## EXERCISE DIRECTIONS
Output the data below exactly as it is, dropping the pictures from your copy.

## THE DATA
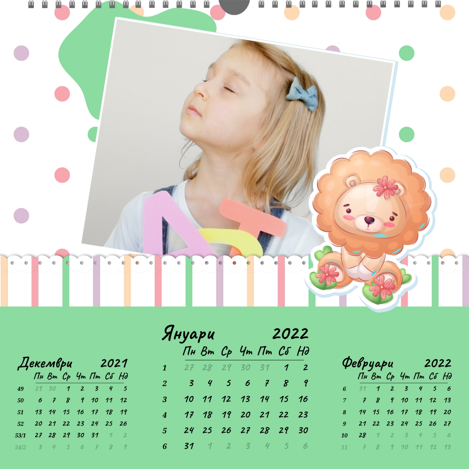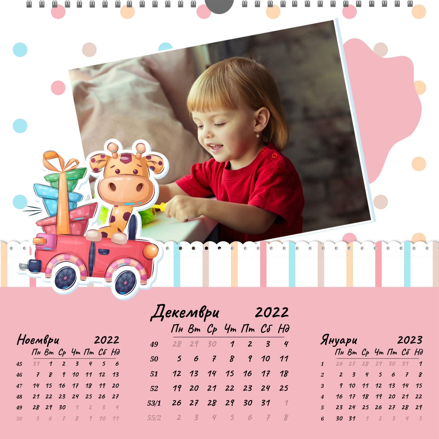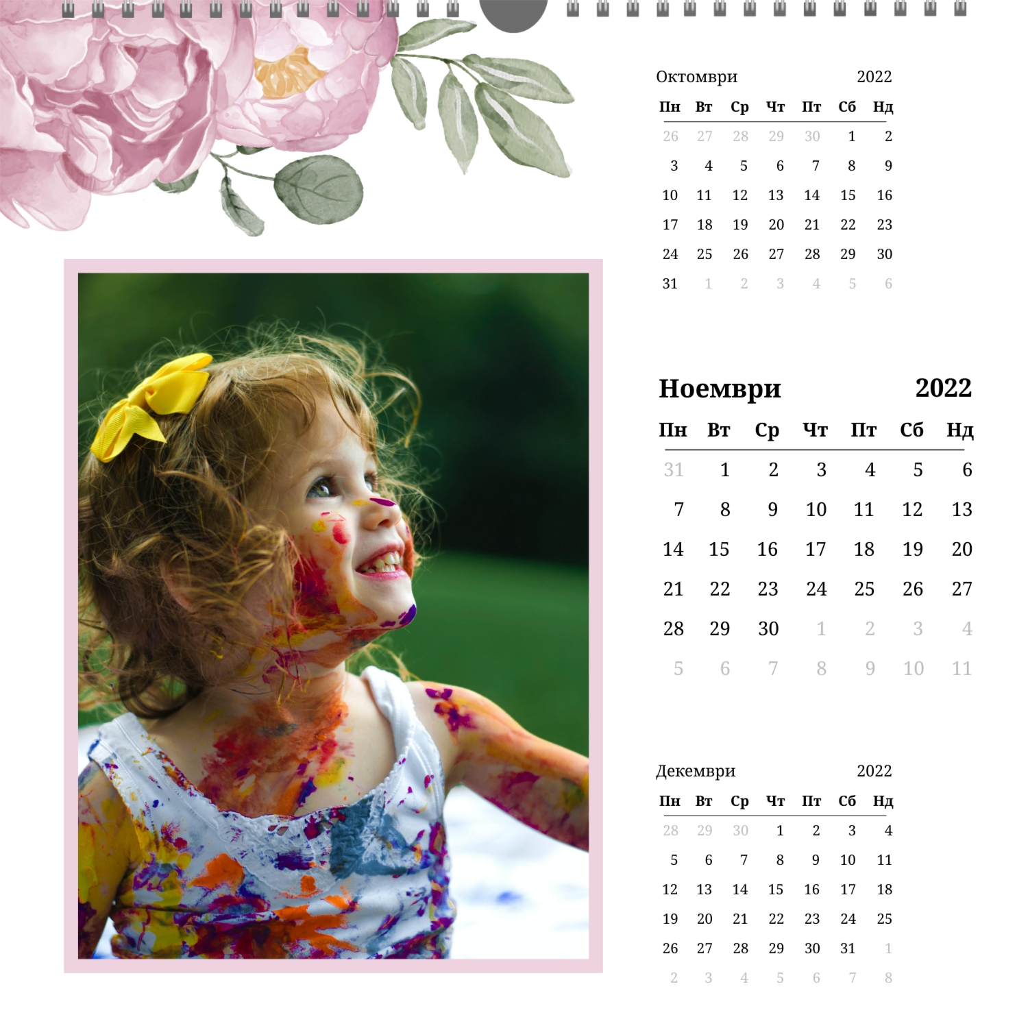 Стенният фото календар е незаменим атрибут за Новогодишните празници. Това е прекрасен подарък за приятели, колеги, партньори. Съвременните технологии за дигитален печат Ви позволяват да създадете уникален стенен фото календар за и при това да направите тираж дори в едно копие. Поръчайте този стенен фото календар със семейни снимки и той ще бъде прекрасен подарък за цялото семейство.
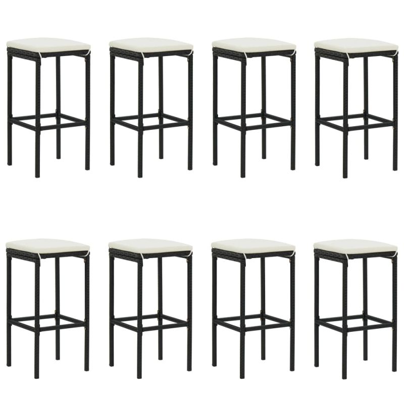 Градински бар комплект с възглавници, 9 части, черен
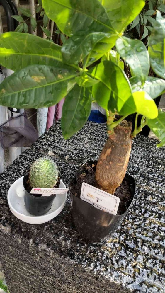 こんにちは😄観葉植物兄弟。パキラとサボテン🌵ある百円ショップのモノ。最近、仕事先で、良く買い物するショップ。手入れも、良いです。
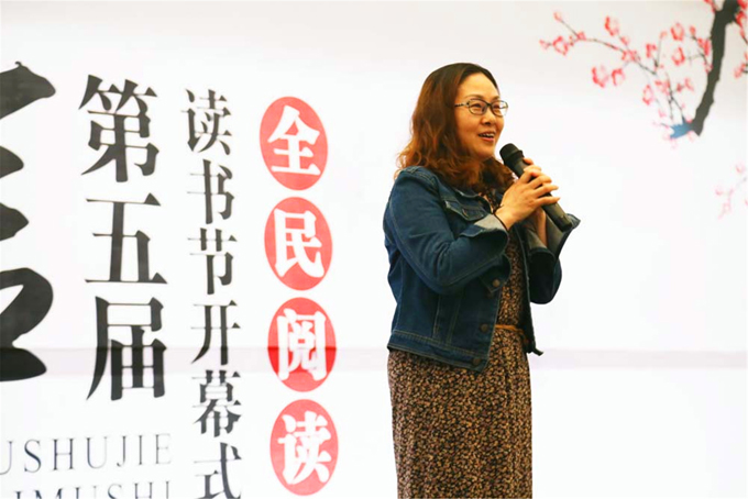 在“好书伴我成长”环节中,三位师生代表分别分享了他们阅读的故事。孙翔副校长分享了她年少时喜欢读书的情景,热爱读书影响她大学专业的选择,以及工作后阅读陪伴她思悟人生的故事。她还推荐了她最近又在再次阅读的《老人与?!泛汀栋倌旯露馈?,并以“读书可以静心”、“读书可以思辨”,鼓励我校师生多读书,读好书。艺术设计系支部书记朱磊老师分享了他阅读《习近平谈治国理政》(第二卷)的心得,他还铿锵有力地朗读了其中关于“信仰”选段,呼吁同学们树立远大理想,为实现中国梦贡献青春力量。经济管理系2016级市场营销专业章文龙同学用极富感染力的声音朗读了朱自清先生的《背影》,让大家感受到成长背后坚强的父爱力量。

## TASK SOLUTION
 Стенният фото календар е незаменим атрибут за Новогодишните празници. Това е прекрасен подарък за приятели, колеги, партньори. Съвременните технологии за дигитален печат Ви позволяват да създадете уникален стенен фото календар за и при това да направите тираж дори в едно копие. Поръчайте този стенен фото календар със семейни снимки и той ще бъде прекрасен подарък за цялото семейство.
 Градински бар комплект с възглавници, 9 части, черен
 こんにちは😄観葉植物兄弟。パキラとサボテン🌵ある百円ショップのモノ。最近、仕事先で、良く買い物するショップ。手入れも、良いです。
 在“好书伴我成长”环节中,三位师生代表分别分享了他们阅读的故事。孙翔副校长分享了她年少时喜欢读书的情景,热爱读书影响她大学专业的选择,以及工作后阅读陪伴她思悟人生的故事。她还推荐了她最近又在再次阅读的《老人与?!泛汀栋倌旯露馈?,并以“读书可以静心”、“读书可以思辨”,鼓励我校师生多读书,读好书。艺术设计系支部书记朱磊老师分享了他阅读《习近平谈治国理政》(第二卷)的心得,他还铿锵有力地朗读了其中关于“信仰”选段,呼吁同学们树立远大理想,为实现中国梦贡献青春力量。经济管理系2016级市场营销专业章文龙同学用极富感染力的声音朗读了朱自清先生的《背影》,让大家感受到成长背后坚强的父爱力量。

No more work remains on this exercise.